Speaking of continuing, what do you make of Peter Welch's announcement that he will run for your seat?

“I wasn't surprised by it. I've had a lot of talks with Peter. He's a good friend. He's worked very hard as a member of the House of Representatives. But we only have one member from Vermont and so it carries extra obligations. He's worked hard there. I'm not surprised that he's running although I'm sorry we'll be losing his seniority in the House.”

With his announcement obviously there's going to be people who will line up to run for his seat, the sole congressional seat in Vermont. And I would expect that he would have some challengers for your seat. What do you think the odds are that a woman and/or a person of color will be elected from Vermont to serve in Washington, whether in your seat that you're leaving or in the congressional seat?

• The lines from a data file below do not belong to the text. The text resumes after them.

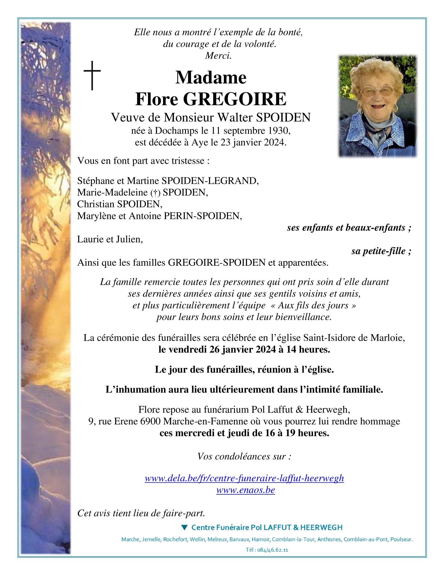 Overleden te Marche-en-Famenne (6900) op dinsdag 23 januari 2024 op 93-jarige leeftijd
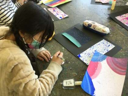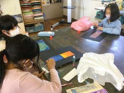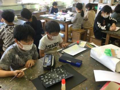 3校時、前回の授業の作品を掲示用の台紙に貼っています。
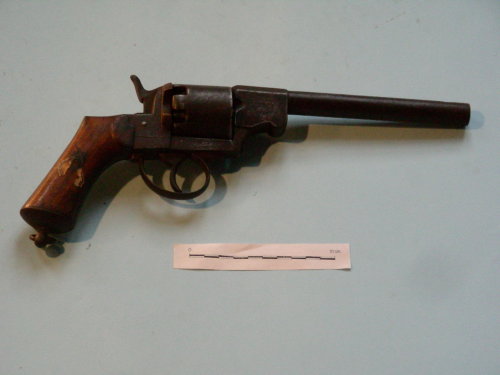Castello aperto; tamburo fisso ad avancarica a sei cartucce. Canna cilindrica rigata; tacca sulla testa del cane. Apertura del castello sul lato destro per l'inserimento delle capsule sui luminelli. Presente il ponticello; coccia con anello per correggiolo. Castello, tamburo e canna decorati ad incisione a motivi floreali.
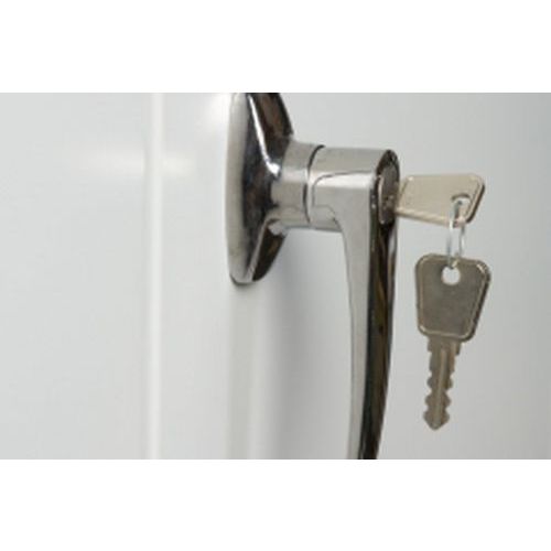 Dør, gavl, bagside, tag og bund er i sandwichkonstruktion med mellemliggende isolering.
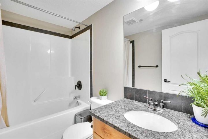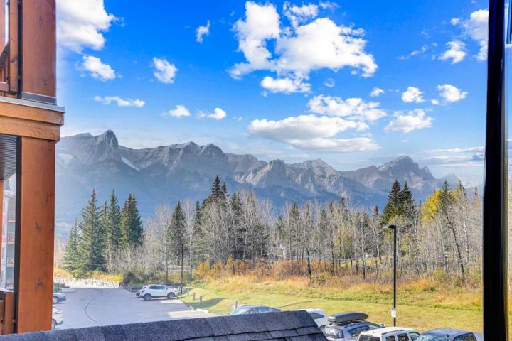 Welcome to your new home! This meticulously kept 3-BEDROOM, CORNER UNIT comes with a SPACIOUS FOYER and an OPEN FLOOR PLAN. The L-shaped kitchen boasts of NATURAL WOOD CABINETS, GRANITE COUNTERTOPS and a BRAND NEW DISHWASHER. The dining room is at the center of the home and open to the HUGE LIVING ROOM with a cozy FIREPLACE and serene views of the mountains and woodlands. The spacious BALCONY is perfect for your morning coffee, afternoon tea or simply soaking in the breath-taking views! All the THREE GOOD-SIZED BEDROOMS fit a queen bed and even have room for a desk and more cabinets. The 4-piece bath comes with a SOAKER TUB and a vanity with UNDERMOUNT SINK and GRANITE COUNTERTOP and IN-SUITE LAUNDRY with STACKED FRONTLOAD WASHER & DRYER. This wonderful apartment unit comes with an ASSIGNED STORAGE LOCKER (#72) as well as 2 PARKING SPACES, one TITLED UNDERGROUND PARKING (#110) and an ASSIGNED OUTDOOR SURFACE PARKING STALL with plug-in (#35). This well-managed Blakiston condo complex offers OUTSTANDING AMENITIES including a FULLY EQUIPPED FITNESS CENTER, PARTY ROOM, HOBBY ROOM, WORKSHOP, TONS OF VISITOR PARKING and a convenient DOOR BUZZER SYSTEM for your online shopping deliveries. This condo complex is just steps to a PLAYGROUND, DOG PARK, CATHOLIC CHURCH, scenic WALKING TRAILS and BIKE PATHS. And short-term rentals or AirBnB's are NOT allowed in the building. There is amazing value in this home as it is currently the BEST & LOWEST PRICED 3-bedroom home in Canmore. Don’t miss out, book your showing today!

“Well I trust Vermont voters to decide who they want and will support whoever the Democratic nominee is. And I'm not going to try to convince my fellow Vermonters, after all I'm a native Vermonter I know the state pretty well. The last thing in the world, Vermonters would want is for me to suddenly announce this is who you should elect or nominate. I will rely on them who they will nominate and I will support the nominee.”

Senator Leahy, they said that you would have about 10 minutes and I think we're coming up fairly close to that in the conversation. So...

"You are.”

“I will ask one last question. Looking....”

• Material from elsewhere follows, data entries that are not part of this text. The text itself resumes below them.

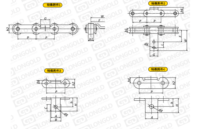 附件是為了將夾具安裝在鏈條上的零部件??筛鶕?jù)客戶(hù)要求設(shè)定安裝間隔。
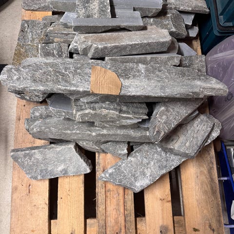 Håndstein, grå, levert av Sollesnes Stein. Ca 70 kvadrat. Steinen ligg laust då paller er gått i oppløysing. Hbo 70 000 ved stabling/lasting i henger sjølv, dersom ein ynskjer det stabla på paller blir det eit pristillegg.
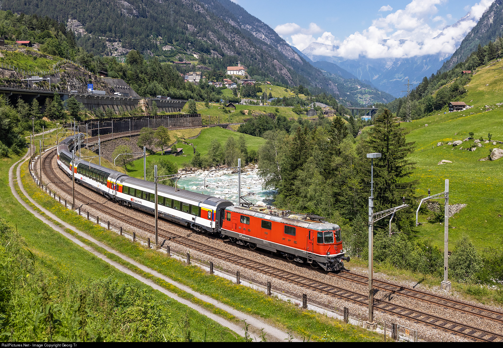 | Re 420 # 199 (Re 4/4 II # 11199) of the SBB is pulling the train PE (Panorama Express) 3093 GOTTHARD PANORAMA EXPRESS from Arth Goldau via Flüelen-Gotthard mountain line-Airolo-Bellinzona to Lugano, through the "Wattinger curve" between Gurtnellen and Wassen. The train, which can only be used with a first class ticket and an additional supplement, has a total of 6 passenger cars. One first class Apm (mainly used for material and the staff), 4 panorama cars Apm in special "GOPEX" paint and one second class car "B50" with windows to open for better photos. In the background village and church of Wassen. The river Reuss has more water then usual after much rain the week before. |

I always worry when they say one more question!”

Well, I'm not sure how long it may take to answer but, you know, looking back at nearly 47 years in the Senate, what would you change if you could In those 47 years?

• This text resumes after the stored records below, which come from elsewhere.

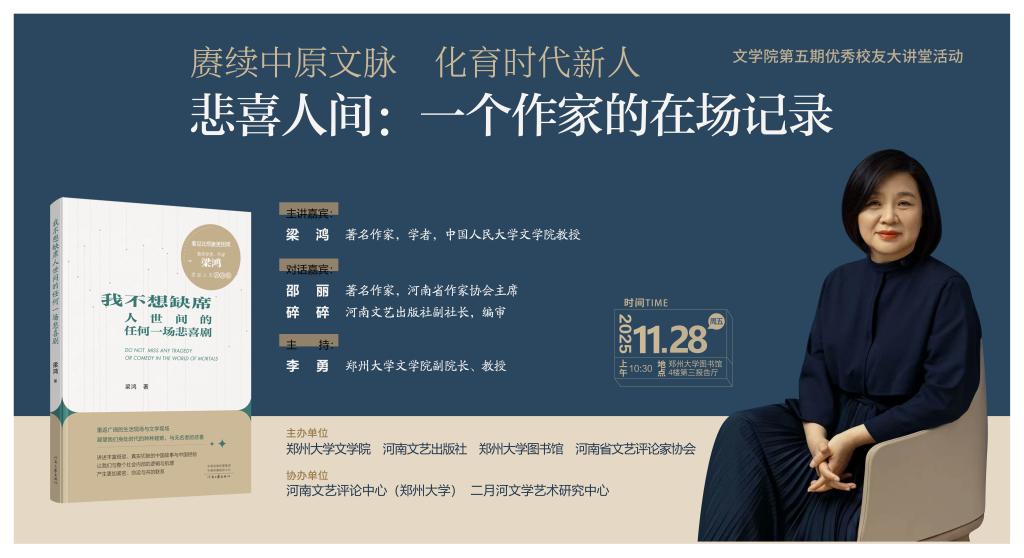 讲座人简介:梁鸿,中国人民大学文学院教授,中国作家协会第十届全国委员会委员。主要从事中国现当代文学、乡土文学与乡土中国关系研究,主持教育部“新世纪优秀人才支持计划”项目,获第十一届华语文学传媒大奖“年度散文家”、“《当代作家评论》奖”(2008)。2007年起创作“梁庄三部曲”,出版《中国在梁庄》《出梁庄记》《梁庄十年》,记录河南乡村变迁,其中《梁庄十年》获第十八届十月文学奖散文奖。学术著作包括《“灵光”的消逝:当代文学叙事美学的嬗变》《外省笔记:20世纪河南文学》,虚构作品有长篇小说《四象》《梁光正的光》及短篇小说集《神圣家族》。2025年出版非虚构作品《要有光》,关注青少年心理健康问题,记录北京、滨海、丹县等地休学青少年案例。
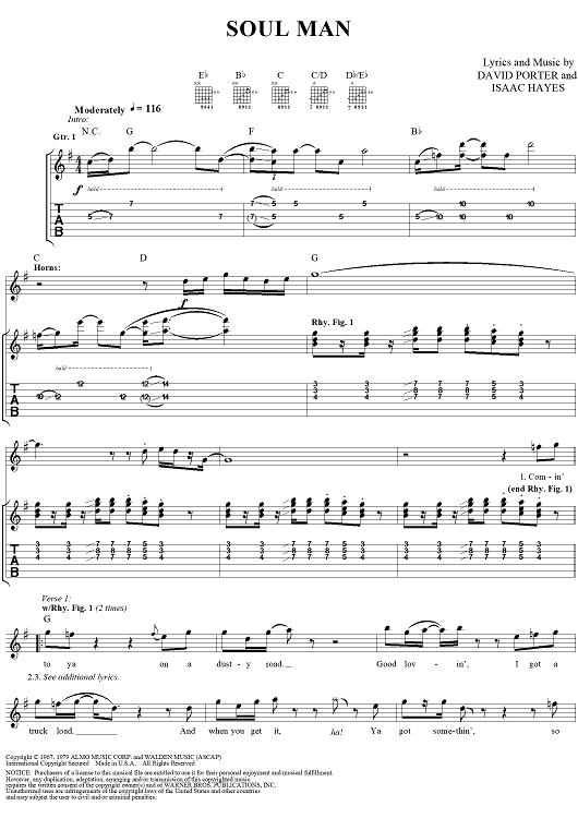 "Soul Man" Sheet Music by Sam and Dave
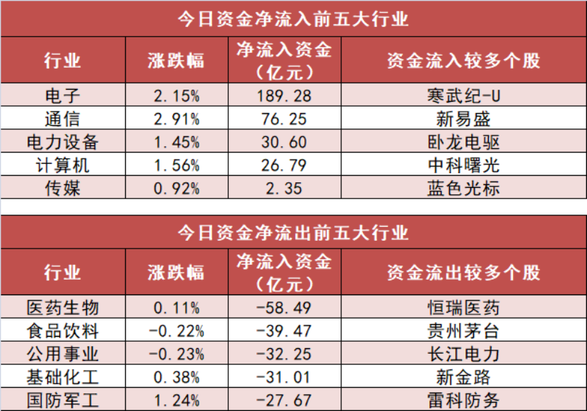 申万一级行业中,7个行业实现资金净流入,其中电子行业净流入189.28亿元居首。

“Well I don't think I've changed anything in my behavior. I've been fortunate to have some of the best women and men on my staff over the years both in Vermont and in Washington. I have learned from them every single day. To me I get as if I'm going to college or graduate school every day in the briefing memos. I get briefings from classified matters to what's happening in the Northeast Kingdom of Vermont or anything else. And that I thought was wonderful. I have been delighted. We started very early on. Actually almost the first month I was there with a good and paid intern program. Many of these interns have gone on to become either permanent staff members, or have gone on into business or law, in federal service. So that I would not change,” Leahy says. “What I wish could be changed is the kind of hyper partisanship that we see in the Senate today. It is not the way it was when I came there. I tried to change. When I lead a Congressional delegation to either meetings in the United States or meetings overseas I always insisted we have major Republican senators as well as Democratic senators so that they can see how important it is to work together.”

So do you think democracy is in better or worse shape than when you went in?

“Well I think when you see something like the riots and insurrection on January 6th that causes worry about democracy. But our country's gone through a civil war, two world wars and we've come back stronger. I'm hoping that we will come back again. But it's going to require men and women who go into Congress, the House or the Senate, to say what's the most important thing for the country? Not what's the most important thing for me politically or for my party? What's the most important thing for the country? And if we can get back to that democracy will thrive.”